Не очень цензурные слова так и застряли в горле, когда острое зрение выхватило в темноте силуэт, явно не принадлежащий оленю.

Человек. Он сбил человека. Ночью, на трассе.

Женщина лежала абсолютно неподвижно, когда он приблизился неверным шагом. Ее белое платье, из-за которого она так походила на призрака, было оборвано по нижнему краю; под ней по асфальту расползалась лужа крови, и красное пятно, точно агрессивный плющ, взбиралось вверх по податливой ткани.

Она была мертва.

В этом не могло быть сомнений. Он без труда определял такие вещи на глаз, ведь именно на это его взгляд и был наметан: стремительно белеющие губы, неестественное положение головы и тела, глаза, которые с каждой секундой угасали, теряя заложенную в их недрах искру жизни. Удар был слишком сильным, ее было уже не спасти.
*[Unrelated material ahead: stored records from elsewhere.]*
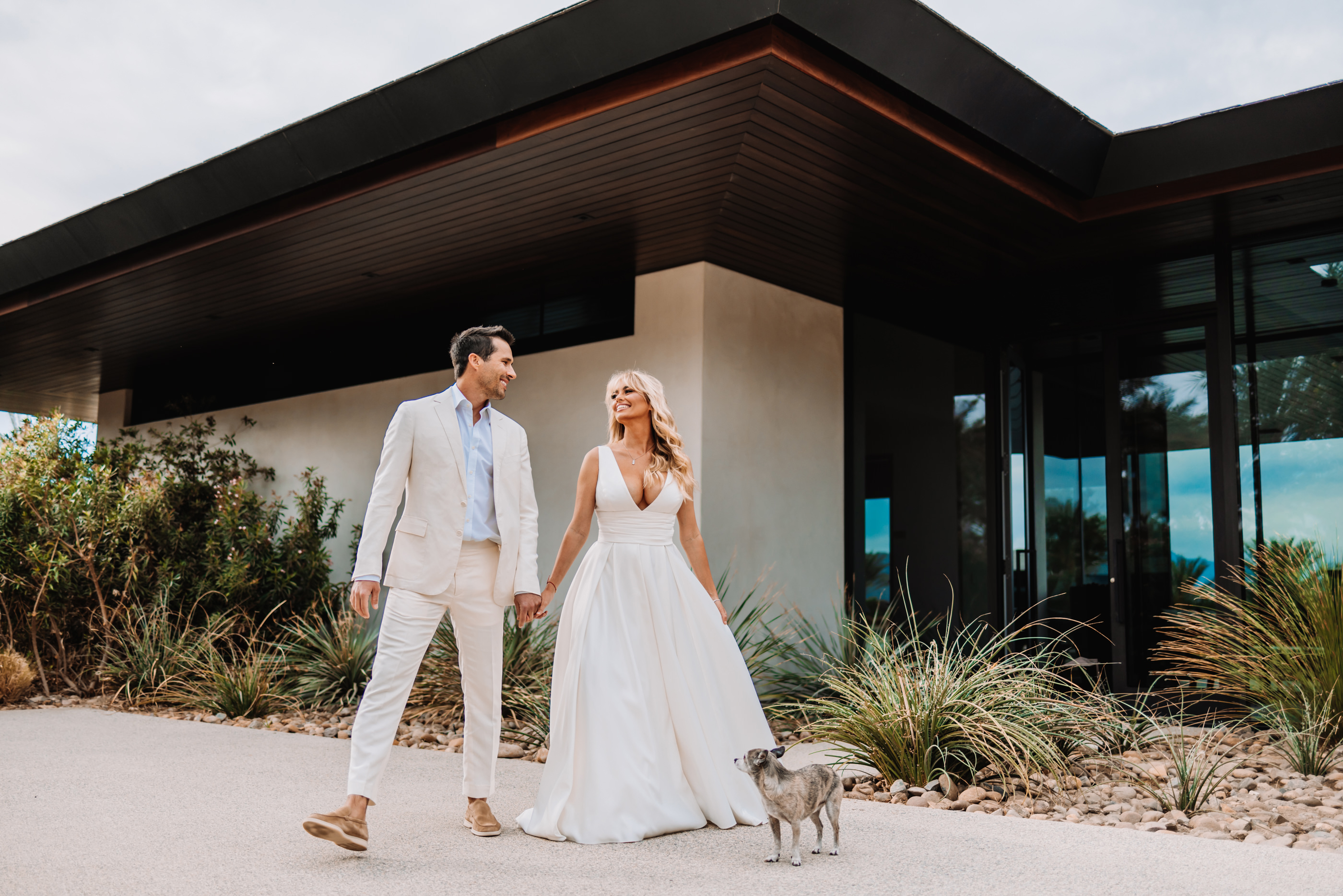 The Luxury Villa, Zenyara is best known as the epic Coachella Exclusive Parties!!! This upscale Wedding Venue makes you feel like your atop of the world! The white sand beach amongst the surrounding mountains and desert was a perfect touch for France and Jesse’s Tulum inspired Wedding Vibe! France and Jesse embraced the landscape and were so easy to communicate with as they trusted me with some of the least obvious backdrops and direction. It was important to the couple that I work quickly and thoroughly so they could enjoy their gust on their special day, and thus I found myself following my festival heart posing them against the European design with a splash of that Palm Springs elegance! Here are a handful of favorites for France and Jesse’s special Wedding Day!
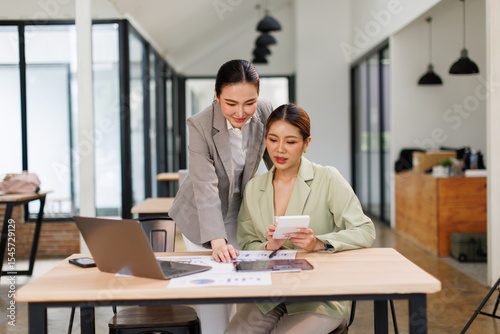 Team of business partnership use calculator to calculate coworkers analysis strategy with discussing a financial planning graph and company budget during a budget meeting in office.
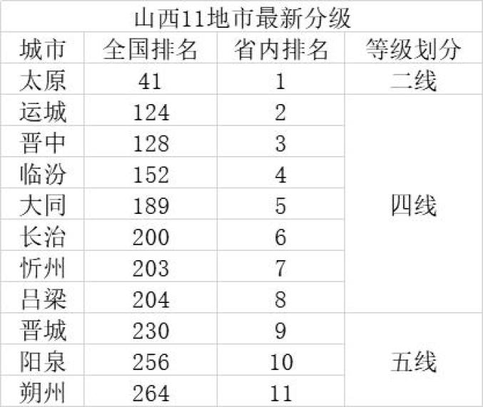 原标题:《山西11地市最新排名!太原二线城市,忻州、吕梁、长治晋级为四线城市》
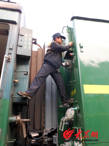 “火車能晚點,我們絕對不能,人等車可以,車等人可不行!”檢修乙班的班長王偉告訴記者,不管火車幾點到,他們都是每天早晨8點準時到單位與上一個班次的同事交接,然后對每天的14列圖定列車、1列臨時客車進行檢修。“人的時間跟著車定,如果最后一班列車晚點一個小時,我們就得延長一個小時。”王偉介紹說,一般情況下,檢修工要從每天早上8點工作到凌晨兩三點,然后到第二天8點交接工作,下班回家。在這16人中有5位外地人,一位來自淄博,兩位來自曲阜,兩位來自兗州,對他們5個來說,每天早晨8點下班后就要坐火車回家,上班的時候再坐火車來濟南,周而復始,“很多時候回家的車上沒有做,就得站一路。”
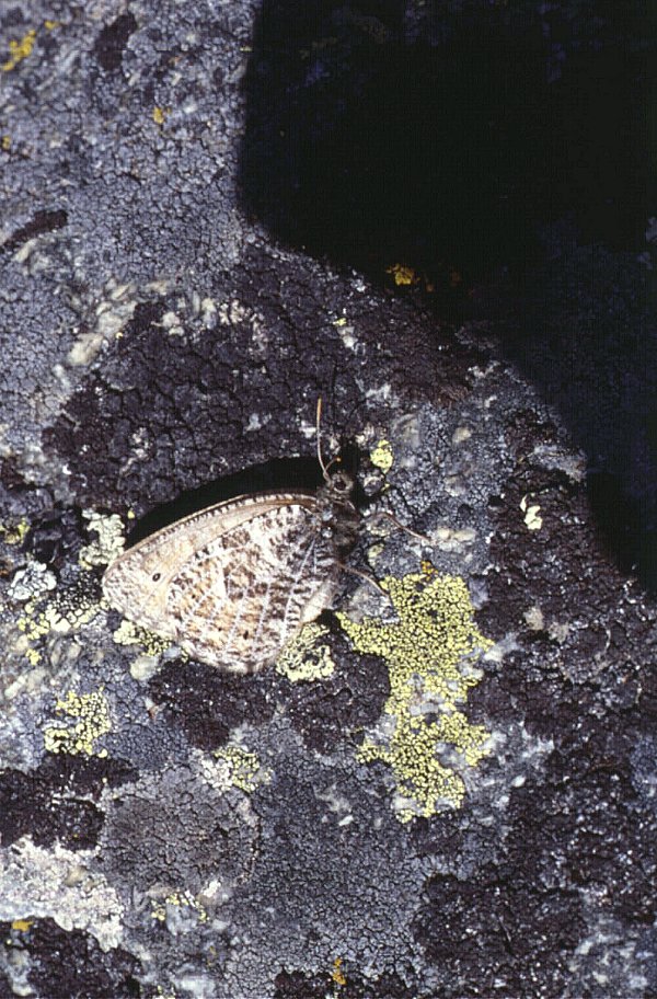 In the Altai highlands, this Oeneis species flies on dry slopes and Kobresia tundras. This male is photographed in the morning. It sits slanting so that the sun heats its wing the best. Besides, in this posture it is especially cryptic looking like a lichen on the stone.
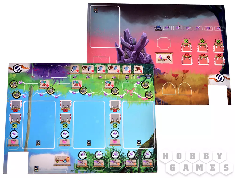 Использовать свободный кубик с личного планшета: ёкаи – это не только карты, самые могущественные из них представлены в игре ещё и кубиками. Чтобы использовать кубик – повысьте его значение на единицу, разместите в один из 5 регионов леса на игровом поле и выполните действие той ячейки, в которую разместили кубик. Учтите, что разместить кубик можно только в свободную ячейку

Цепенящее чувство, зародившись в горле, стремительно разрасталось, сползая по плечам и позвоночнику колониями пауков. Он замер над трупом, не в силах даже наклониться, поднять руку, прикрыть ей глаза. Она ни в чем не была виновата. Куда-то бежала, возможно, от кого-то?.. И просто попалась на пути ему. Зачем-то — именно ему.

Он знал, что теперь душа несчастной женщины никогда не найдет покоя; не потому, что ее смерть была насильственной, ведь, в сущности, нет. Болезненной она тоже не являлась, это он мог сказать наверняка — она почти сразу умерла и не успела испытать страданий. Причина была в другом.

Пусть он и не хотел этого, пусть убил ее лишь косвенно и по неосторожности… Проклятая рука уже гудела в предвкушении под искусственной кожей, облизывалась почти, точно необузданный зверь — он чувствовал ее голод, как чувствовал всегда, целую вечность до этого.

Вместо рая для мучеников эту женщину, чье бездыханное тело сейчас лежало перед ним, ждало горнило преисподней. В его лице.

Он схватил цепь, что висела у него на поясе для таких случаев, и обернул ее покрепче вокруг запястья, фиксируя руку близко к ноге. Печати трещали под натиском жаждущего души проклятия — противостояние двух этих первородных сил разрывало ему голову, но нужно было держаться. Он достаточно времени хранил свою «диету»; не притрагивался к душам, даже если смерть была совсем близко — а она, конечно, окружала его всегда, куда бы он ни шел. Но ему нравился этот мир. Ему вовсе не хотелось его разрушать.

И так он повторял себе — про себя, потом вслух, точно мантру, стараясь успокоить первобытную тьму, из которой состоял. Но все было тщетно. Проклятие ревело внутри бушующим штормом, угрожая уничтожить его самого, если его потребностям не будет оказано должное внимание.